UNASSIGNED: Genomic DNA was isolated from blood samples or buccal swabs. Variants in TGFB1 (rs1800472) and RELN (rs39335, rs39350, rs39374) were genotyped in surgically confirmed OTSC patients (n = 94) and a control group (n = 198) using custom TaqMan SNP genotyping assays and real-time PCR. Allele and genotype frequencies were compared between the groups in statistical analysis and the odds ratios with 95% confidence intervals were calculated to estimate the risk.
UNASSIGNED: For all of the tested variants the distributions of alleles and genotypes were not statistically significantly different between OTCS patients and the control group. There were also no statistically significant differences in relation to gender of the tested subjects.

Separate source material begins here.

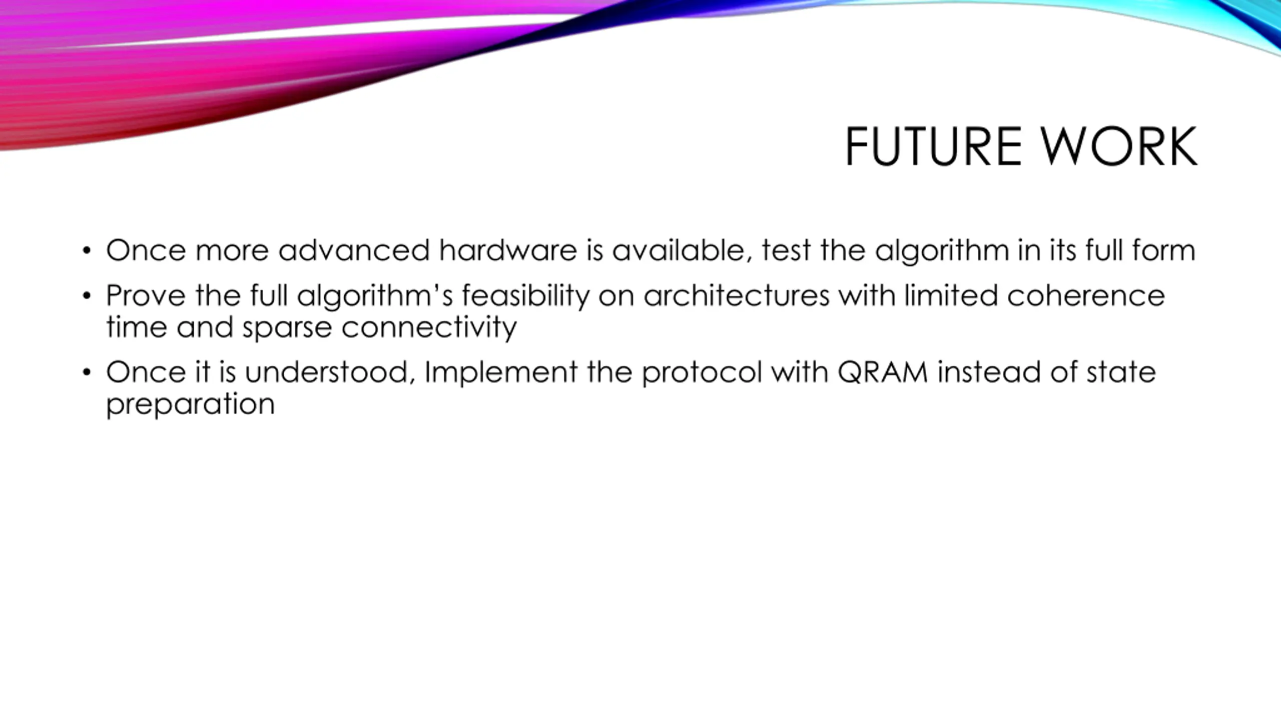 FUTURE WORK Once more advanced hardware is available, test the algorithm in its full form Prove the full algorithm s feasibility on architectures with limited coherence time and sparse connectivity Once it is understood, Implement the protocol with QRAM instead of state preparation

UNASSIGNED: Despite multiple confirmatory studies on TGFB1 and RELN association with OTSC development in some populations, no significant association between the studied variants and OTSC was found in Polish patients. Our results indicate the presence of inter-population differences in OTSC susceptibility factors and confirm the large genetic heterogeneity of this disorder.
■从血液样品或口腔拭子中分离基因组DNA。TGFB1(rs1800472)和RELN(rs39335,rs39350,rs39374)的变异体在手术证实的OTSC患者(n=94)和对照组(n=198)中使用定制TaqManSNP基因分型测定和实时PCR进行基因分型。在统计分析中比较各组之间的等位基因和基因型频率,并计算具有95%置信区间的比值比以估计风险。
对于所有测试的变体,OTCS患者和对照组之间的等位基因和基因型分布在统计学上没有显着差异。在测试对象的性别方面也没有统计学上的显著差异。
■尽管在某些人群中对TGFB1和RELN与OTSC发展的关联进行了多次验证性研究,在波兰患者中,未发现所研究的变异与OTSC之间存在显著关联.我们的结果表明OTSC易感因素存在种群间差异,并证实了这种疾病的遗传异质性。